🤖 AI Summary
This work addresses the hierarchical and intra-level semantic misalignment that arises when transferring image-level vision-language models like CLIP to pixel-level prediction in open-vocabulary semantic segmentation. To resolve this, the authors propose HyRo, a novel framework that explicitly decouples hierarchical alignment from semantic alignment within hyperbolic space for the first time. Specifically, HyRo aligns category hierarchies by adjusting the hyperbolic radius in the Poincaré ball, while preserving intra-level semantic relationships through radius-preserving orthogonal transformations, enabling theoretically grounded fine-grained semantic refinement. Integrated with fine-tuning of vision-language pre-trained models, HyRo achieves state-of-the-art performance on standard open-vocabulary semantic segmentation benchmarks, significantly outperforming existing approaches.
📝 Abstract
Open-vocabulary semantic segmentation requires adapting image-level vision-language models such as CLIP to dense pixel-level prediction, which is challenging due to the mismatch between hierarchical structure and semantic alignment in the embedding space.
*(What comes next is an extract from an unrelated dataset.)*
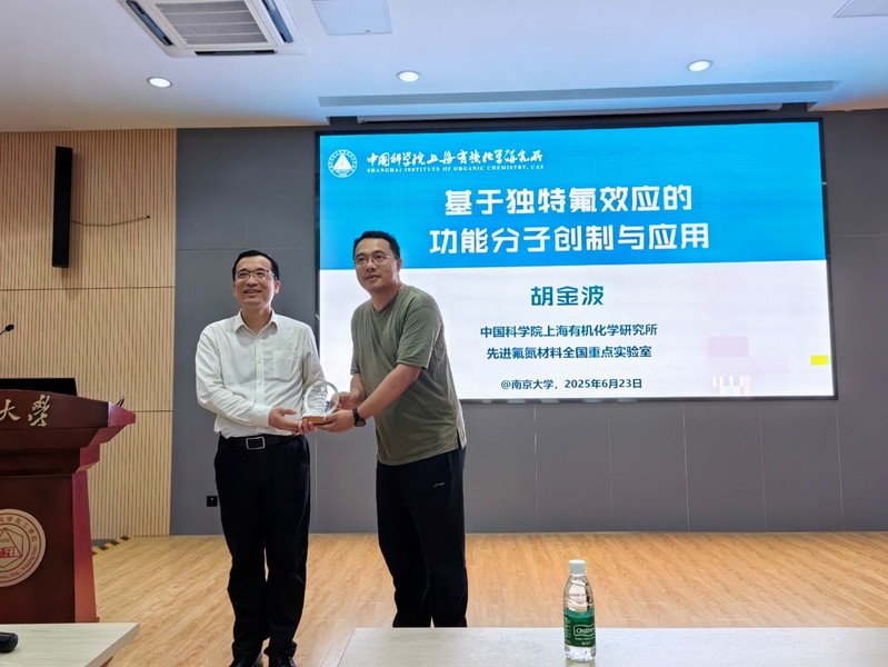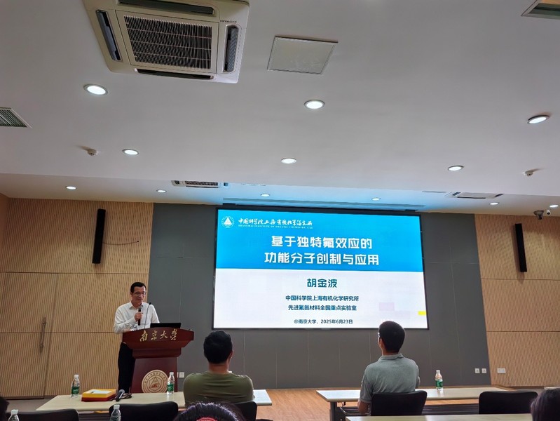 2025年6月23日下午,中国科公司上海有机化学研究所胡金波研究员应邀作为 “名师讲坛”嘉宾访问太阳集团tcy8722,并作题为“基于‘负氟效应’调控的氟试剂发现与功能分子创制”的精彩学术报告。报告由太阳集团tcy8722副经理史壮志教授主持,吸引了公司众多师生参加。史壮志教授介绍了胡金波研究员的简历和成就,并向其颁发了“名师讲坛”荣誉证书和纪念铭牌。
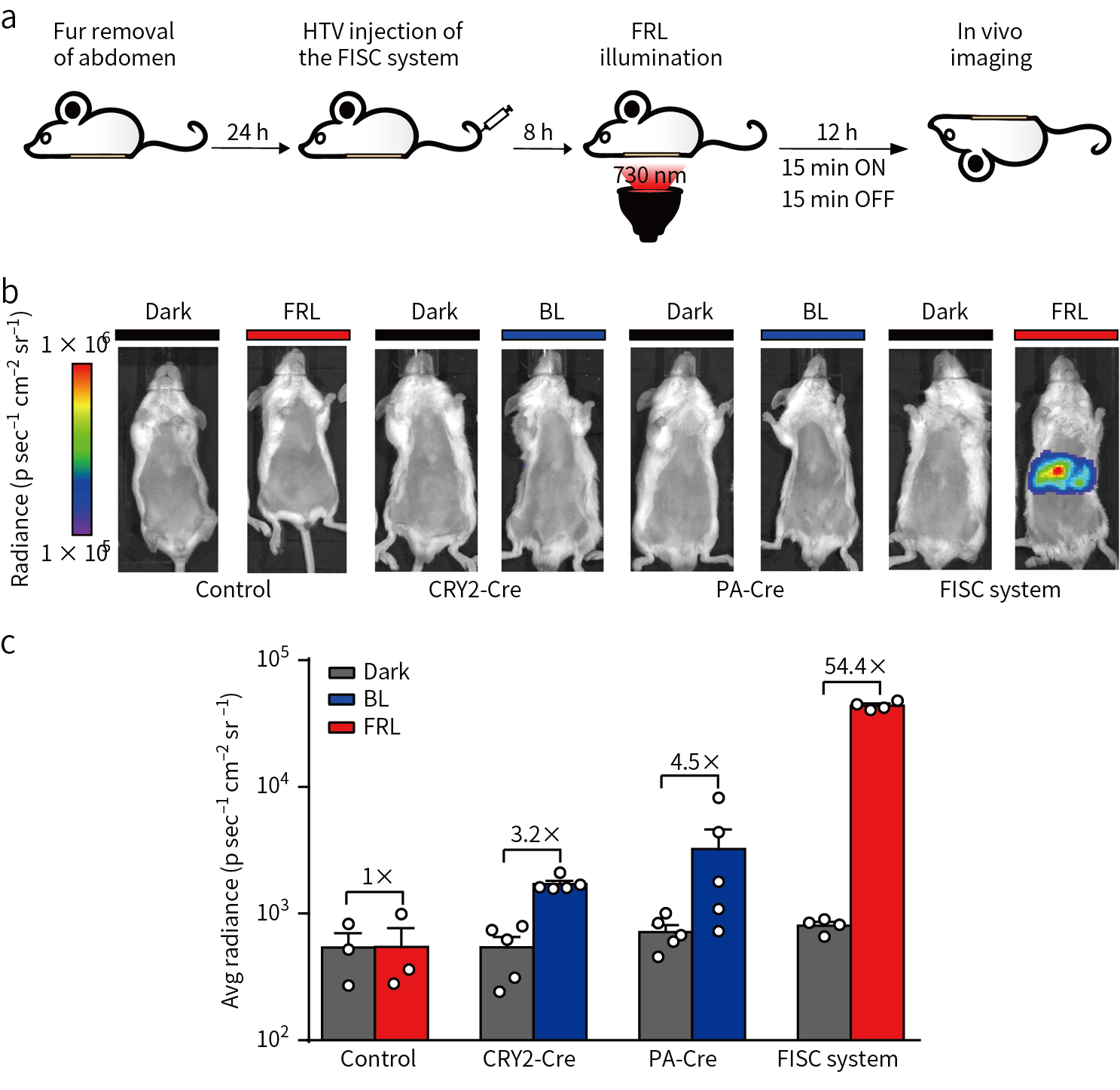 接下来对FISC系统能否在动物体内发挥作用进行探究。小鼠尾静脉高压注射3个质粒的FISC系统,8h后FRL照射小鼠腹腔,结果显示,FRL照射12h表现出高荧光素酶活性(图3a, b)。同时对不同的光诱导系统进行比较发现,携带FISC系统的小鼠,光照后荧光素酶活性明显高于其他系统图(图3b, c)。

While recent works leverage hyperbolic geometry to model hierarchical relationships, they align embeddings across hierarchical levels but overlook semantic misalignment among embeddings within the same level. In this work, we propose HyRo, a hyperbolic fine-tuning framework that decouples hierarchical and semantic alignment in the Poincaré ball model. HyRo aligns hierarchical levels by adjusting the hyperbolic radius and refines semantic relationships through angular alignment using an orthogonal transformation that theoretically preserves the hyperbolic radius. Experiments on standard open-vocabulary semantic segmentation benchmarks demonstrate that HyRo achieves state-of-the-art performance over prior methods.